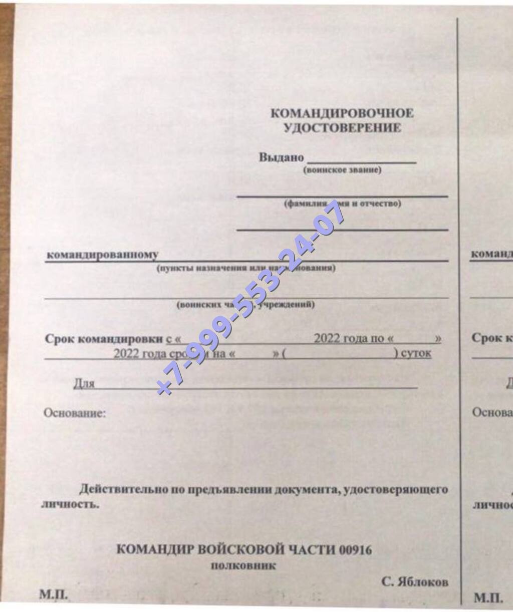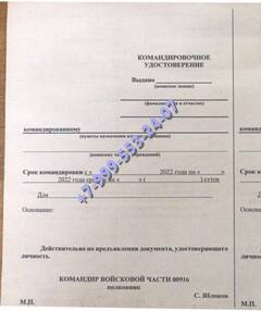 Заказать командировочное удостоверение военнослужащего в Любиме можно и по иным причинам, например, необходимо срочно ехать на учения или в зону боевых действий. В таком случае следует обращаться к руководству с заявлением. Если человек потерял, или испортил документы, он может обратиться в нашу компанию. Купить командировочное удостоверение военнослужащего с доставкой мы предлагаем недорого.
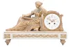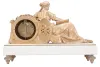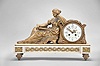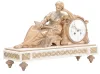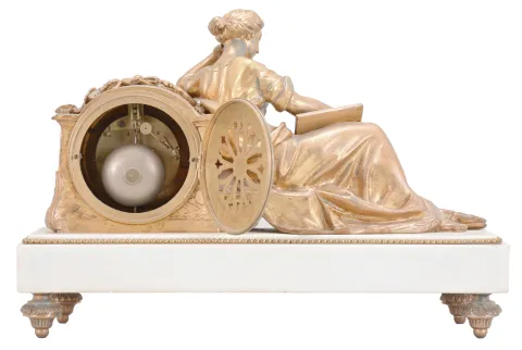 The white marble case is in very good condition. Some of the original gilding on ornaments and clock portion is intact. Much of the figure has been touched up with gold paint, but it looks good. Dial, convex beveled glass, and hands are all very good. Back of the case is stamped "Covington, New York" and has an applied medallion indicating that it was a product of France. The unsigned movement has rack strike that sounds on a bell.
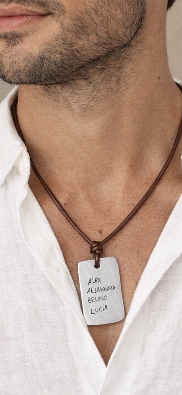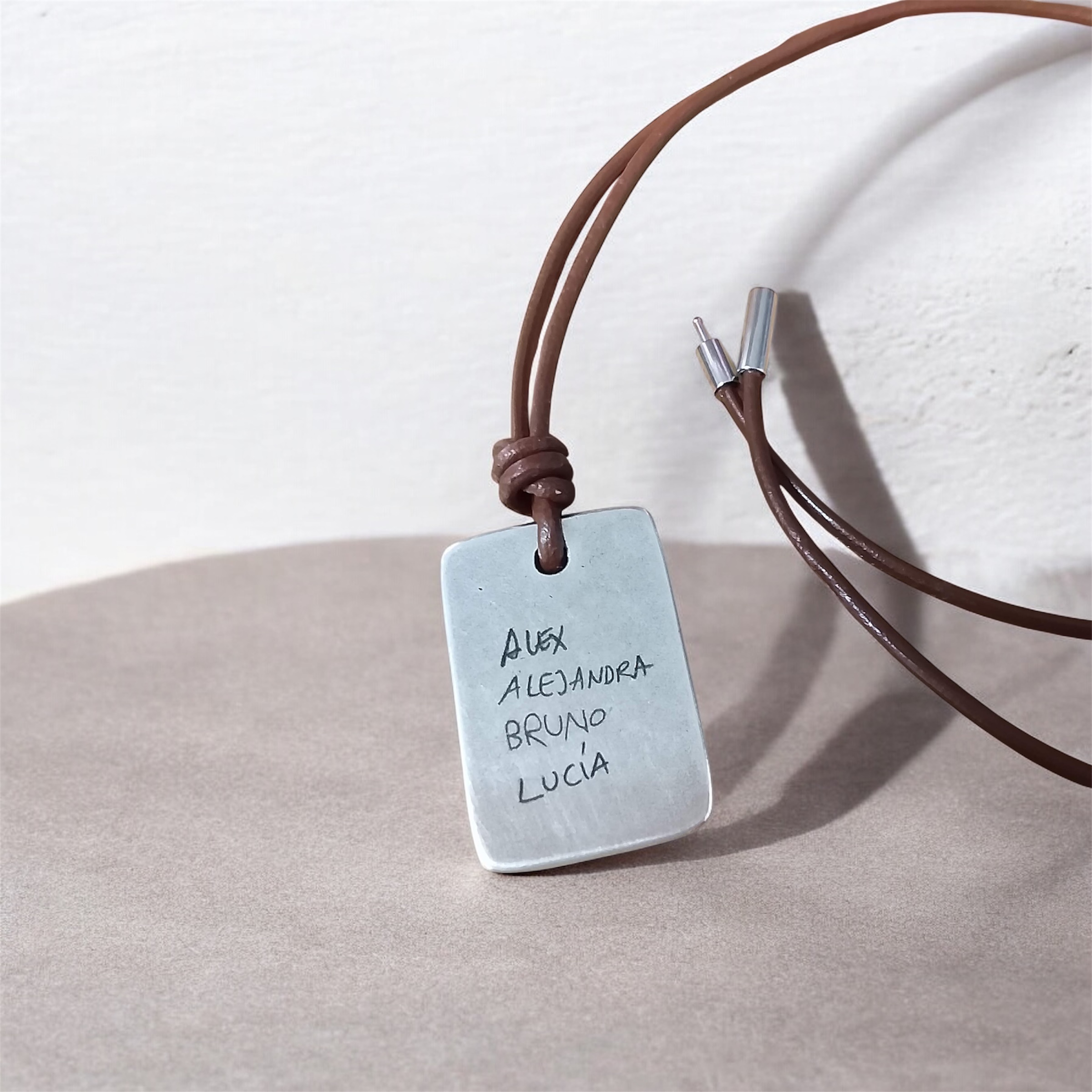 Colgante en cuero negro o marrón a elegir, con los nombres de tu familia o de quien tú quieras, manuscritos y grabados láser. Material zamak con baño de plata de ley.
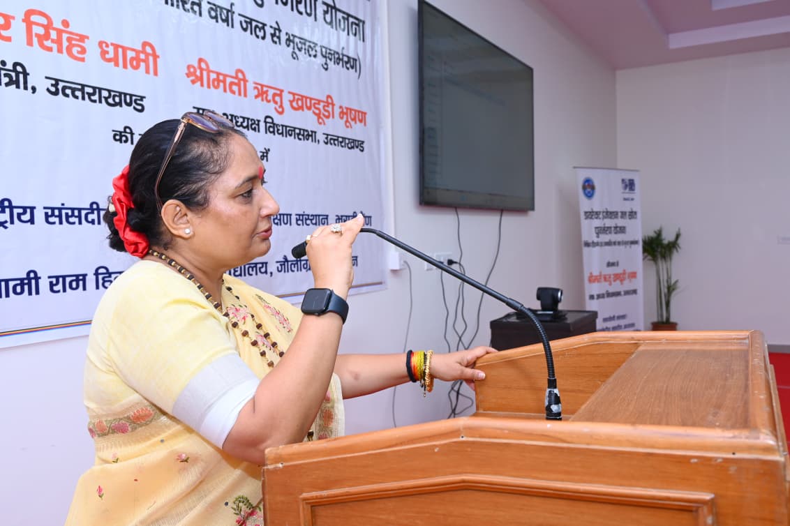 कार्यक्रम की शुरुआत में विधानसभा अध्यक्ष ऋतु खण्डूडी भूषण ने कहा कि जल संरक्षण केवल पर्यावरणीय आवश्यकता नहीं, बल्कि उत्तराखण्ड की भविष्य की जीवनरेखा है। विधानसभा अध्यक्ष ऋतु खण्डूडी भूषण ने इसे समय की आवश्यकता बताते हुए कहा कि “भूजल पुनर्भरण भविष्य की जल सुरक्षा का आधार बनेगा। यह योजना उत्तराखण्ड में सतत जल प्रबंधन और जल संरक्षण की दिशा में मील का पत्थर साबित होगी।
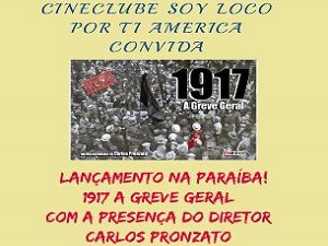 O Cineclube Soy Loco por Ti America traz o diretor argentino Carlos Pronzato para o lançamento na Paraíba do seu documentário “1917 A Greve Geral”. O lançamento ocorre nesta sexta-feira (23), às 16h30, no cine Aruanda do Centro de Comunicação, Turismo e Artes, da Universidade Federal da Paraíba (CCTA/UFPB) no Campus I, em João Pessoa.
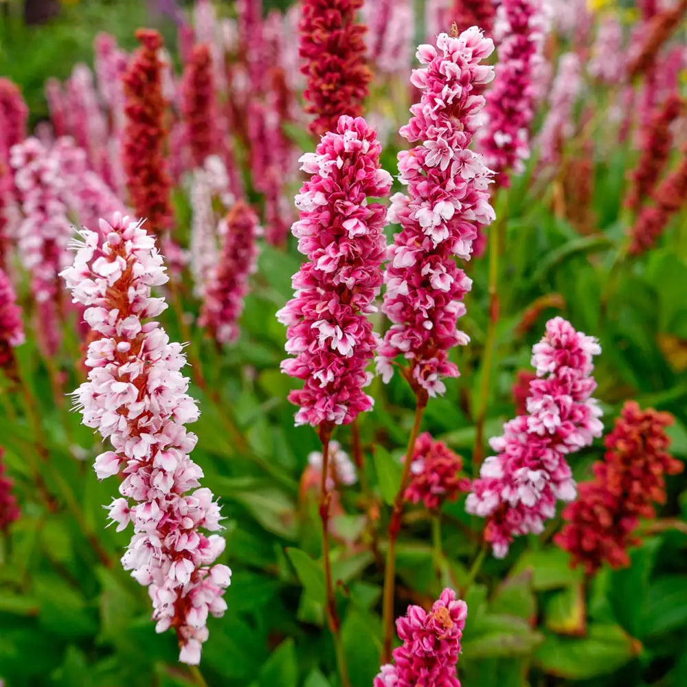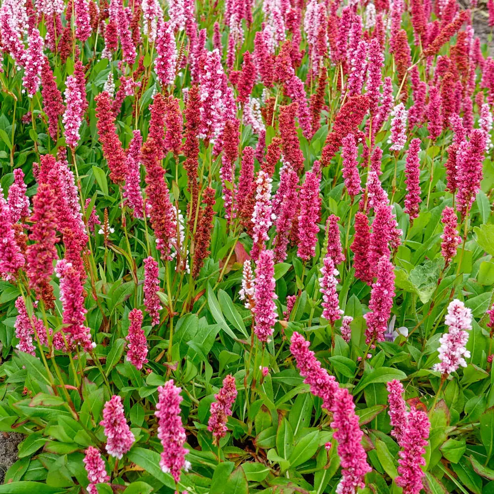 Defying its unfortunate name, this Lesser Knotweed proves itself as an award-winning perennial that's perfect for adding color and interest to lightly shaded or sunny site. Gnome creates quite a scene as a dense carpet of green, 4-6" tall foliage and 8-10" tall, pink with white, bottle-brush blooms that age to red in summer. A wonderful perennializer, it also resists slugs and deer with ease. A fantastic ground cover or front border plant that butterflies and pollinators love!
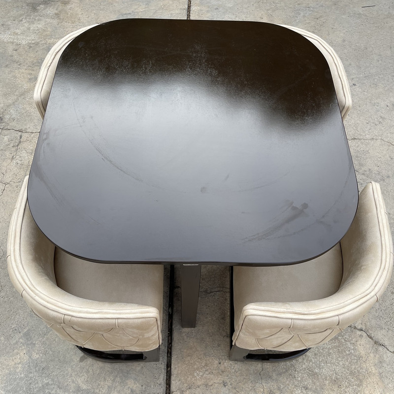 میز و صندلی های غذاخوری یکی از اساسی ترین نیازهای هر خانه می باشد که باید در خرید آن دقت و توجه کافی داشت که در عین اینکه جنس و کیفیت مناسبی دارد، همچنین طراحی جذابی نیز داشته باشد، میز و صندلی نهارخوری ارائه شده توسط گالری چوب آشنایی، با طراحی جدید و دارای زیبایی خاص یکی از جذابترین و شیکترین ستهای نهارخوری موجود در بازار است که برای فضای خانه بسیار مناسب می باشد و می توان زیبایی خاصی را با آن به خانه بخشید. این میز و صندلی مناسب 4 نفر بوده و رنگ بخشهای چوبی آن ثابت و قهوه ای تیره بوده و ثابت بوده، رنگ پارچه بر اساس تنوع قابل انتخاب است.
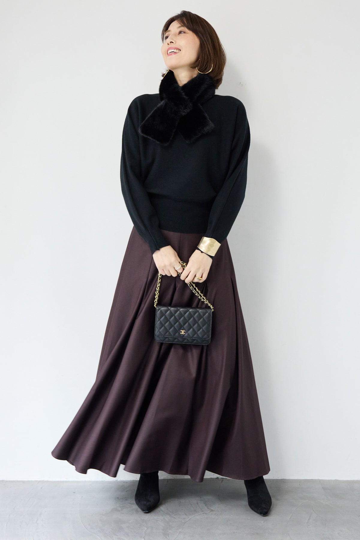 ボートネックニットプルオーバー/タックボリュームスカート
· · · ·
Your assignment: Pictures aside, repeat each entry in full and without change.

Answer box:
 Заказать командировочное удостоверение военнослужащего в Любиме можно и по иным причинам, например, необходимо срочно ехать на учения или в зону боевых действий. В таком случае следует обращаться к руководству с заявлением. Если человек потерял, или испортил документы, он может обратиться в нашу компанию. Купить командировочное удостоверение военнослужащего с доставкой мы предлагаем недорого.
 The white marble case is in very good condition. Some of the original gilding on ornaments and clock portion is intact. Much of the figure has been touched up with gold paint, but it looks good. Dial, convex beveled glass, and hands are all very good. Back of the case is stamped "Covington, New York" and has an applied medallion indicating that it was a product of France. The unsigned movement has rack strike that sounds on a bell.
 Colgante en cuero negro o marrón a elegir, con los nombres de tu familia o de quien tú quieras, manuscritos y grabados láser. Material zamak con baño de plata de ley.
 कार्यक्रम की शुरुआत में विधानसभा अध्यक्ष ऋतु खण्डूडी भूषण ने कहा कि जल संरक्षण केवल पर्यावरणीय आवश्यकता नहीं, बल्कि उत्तराखण्ड की भविष्य की जीवनरेखा है। विधानसभा अध्यक्ष ऋतु खण्डूडी भूषण ने इसे समय की आवश्यकता बताते हुए कहा कि “भूजल पुनर्भरण भविष्य की जल सुरक्षा का आधार बनेगा। यह योजना उत्तराखण्ड में सतत जल प्रबंधन और जल संरक्षण की दिशा में मील का पत्थर साबित होगी।
 O Cineclube Soy Loco por Ti America traz o diretor argentino Carlos Pronzato para o lançamento na Paraíba do seu documentário “1917 A Greve Geral”. O lançamento ocorre nesta sexta-feira (23), às 16h30, no cine Aruanda do Centro de Comunicação, Turismo e Artes, da Universidade Federal da Paraíba (CCTA/UFPB) no Campus I, em João Pessoa.
 Defying its unfortunate name, this Lesser Knotweed proves itself as an award-winning perennial that's perfect for adding color and interest to lightly shaded or sunny site. Gnome creates quite a scene as a dense carpet of green, 4-6" tall foliage and 8-10" tall, pink with white, bottle-brush blooms that age to red in summer. A wonderful perennializer, it also resists slugs and deer with ease. A fantastic ground cover or front border plant that butterflies and pollinators love!
 میز و صندلی های غذاخوری یکی از اساسی ترین نیازهای هر خانه می باشد که باید در خرید آن دقت و توجه کافی داشت که در عین اینکه جنس و کیفیت مناسبی دارد، همچنین طراحی جذابی نیز داشته باشد، میز و صندلی نهارخوری ارائه شده توسط گالری چوب آشنایی، با طراحی جدید و دارای زیبایی خاص یکی از جذابترین و شیکترین ستهای نهارخوری موجود در بازار است که برای فضای خانه بسیار مناسب می باشد و می توان زیبایی خاصی را با آن به خانه بخشید. این میز و صندلی مناسب 4 نفر بوده و رنگ بخشهای چوبی آن ثابت و قهوه ای تیره بوده و ثابت بوده، رنگ پارچه بر اساس تنوع قابل انتخاب است.
 ボートネックニットプルオーバー/タックボリュームスカート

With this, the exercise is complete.